IS26, belonging to the IS6 family, has a simple organization and generates an 8 bp DR upon insertion [43]. In this cointegration process, the second formed IS copy is directly oriented as the original copy and flanked by DR sequences [44]. In the process of study, we found that the bla_CTX-M-55 genetic environment of pXJ55-plas1 and pZYB39-plas2 was flanked by directly oriented copies of IS26 with 8 bp DR sequences (TTTTGCTG). However, IS26 and potential IS26-mediated transposons do not necessarily generate the flanking DR, and intramolecular transposition will lead to the loss of the flanking repeat [43]. Notably, pXJ6.1-plas1 is the plasmid containing the most TUs and the highest number of copies of IS26. This may be related to the increased activity and multiple copy number of IS26 in the plasmid [45]. IS26 can enhance the expression of the bla_CTX-M-55 gene, and its presence could explain the ease with which this gene is spreading among bacteria and different species. The TU contains a single IS26 copy and neighboring DNA, which plays a vital role in the diffusion of ARGs in Gram-negative bacteria to form complex resistance regions [46]. No TU was detected for pXJ5.2-plas1. Only bla_CTX-M-55 was flanked by a single copy of IS26 in pCTX-M-55-XJ5.2, suggesting that it is difficult to create a circular form because of a single copy of IS26 [47,48]. It is now widely accepted that any gene(s) bound by two directly oriented copies of IS26 should be able to be formed into a TU via either an IS26-mediated process or via homologous recombination in a recombination-proficient host. Overall, the TU on plasmids harbor the bla_CTX-M-55 gene and other ARGs through IS26-mediated translocation events.

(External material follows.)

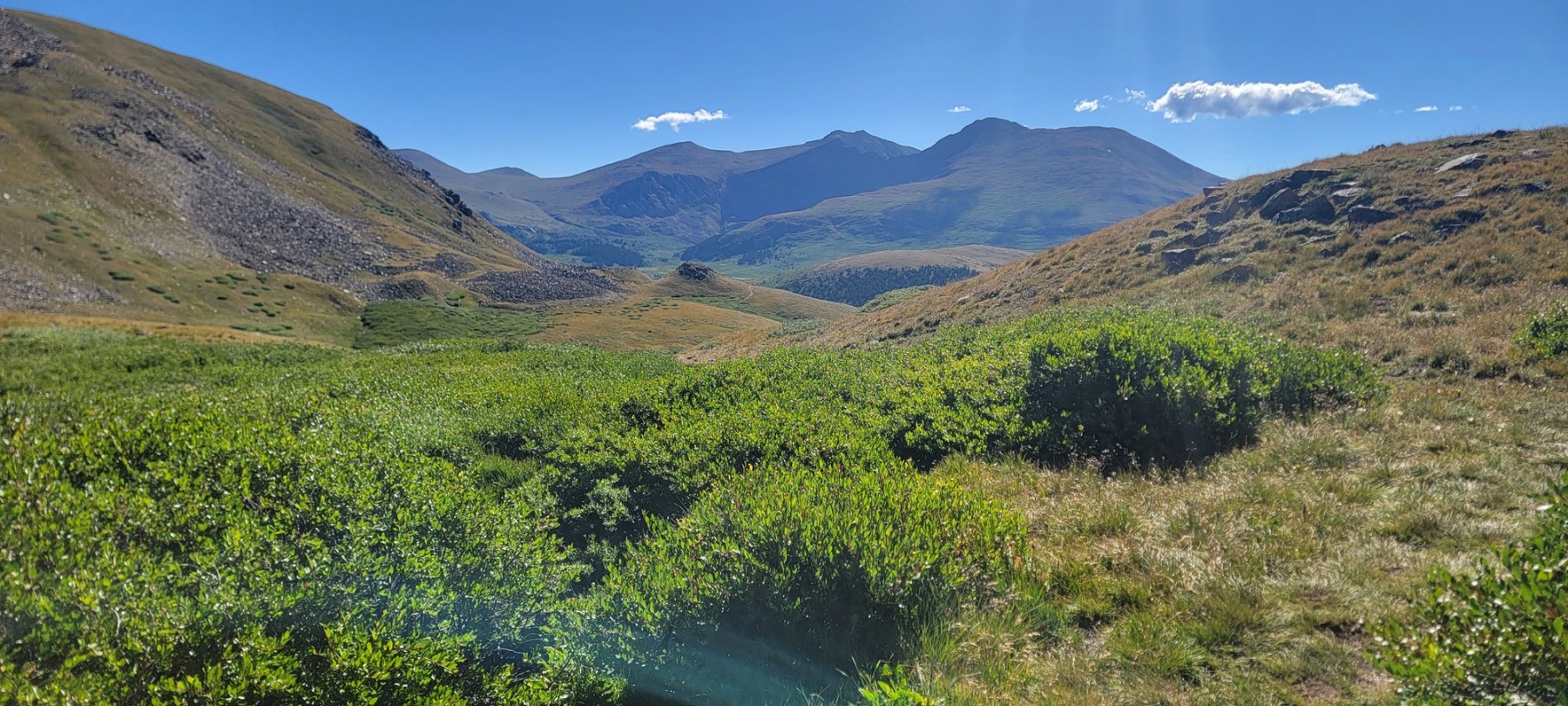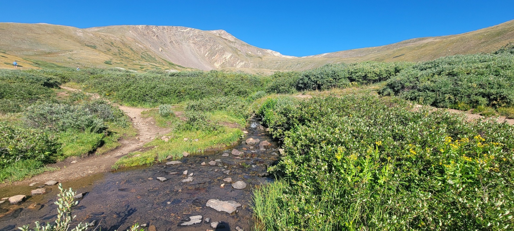 This might be one of the more beautiful hikes in Colorado. It is nice to be on the top of the mountain pass but not have as many people around as the trail to Mt. Bierstadt. I found that I could enjoy it a bit more although it did get busier later in the day.

In contrast to the conserved backbones, the bla_CTX−M−55-containing MRRs of the five plasmids analyzed in our study were heterogeneous. The acquisition or deletion of resistance determinants mediated mobile genetic elements, and recombination predominantly contributed to heterogeneity [21]. In addition, the genetic environment of bla_CTX-M-55 in the plasmid analyzed here is similar to those reported from different countries (Figure 1, Figures S1 and S2), suggesting that this genetic environment was conducive to the transmission of genes carrying multiple ARGs, including the bla_CTX-M-55 gene. From the observations in this study, bla_CTX-M-55 is localized on the IncHI2-type plasmids. IncHI2, along with IncI1, IncF, and IncA/C2 type plasmids, are commonly considered the main epidemic plasmids carrying bla_CTX-M-55 for transmission [10,49]. The IncHI2-type plasmid on the XJ5.2 strain carrying bla_CTX-M-55 remained a genetically stable plasmid under continuous culture without any antibiotic selection pressure for 15 consecutive days (with a retention of 100%) (Figure 4), which contributed to horizontal spreading of the plasmid. These results suggest that the diverse and flexible spread of the bla_CTX-M-55 resistance gene is related to heterogeneous MRR and a special type of plasmid, IncHI2.

5. Conclusions

Five strains carrying CTX-M-55 have been isolated from the Chinese provinces of Xinjiang and Gansu. The genetic context of the bla_CTX-M-55 resistance gene was examined using the Illumina and PacBio platforms. IS26-mediated transposons were identified using WGS analysis and reverse PCR method in E. coli isolated from beef and dairy cattle in China, suggesting a potential for transmission along animal lines to humans. Five plasmids carrying bla_CTX-M-55 also show some features of transfer capability and a relative stability. The cotransmission and prevalence of bla_CTX-M-55 with other MDR resistance genes on epidemic plasmids require enhanced monitoring and control.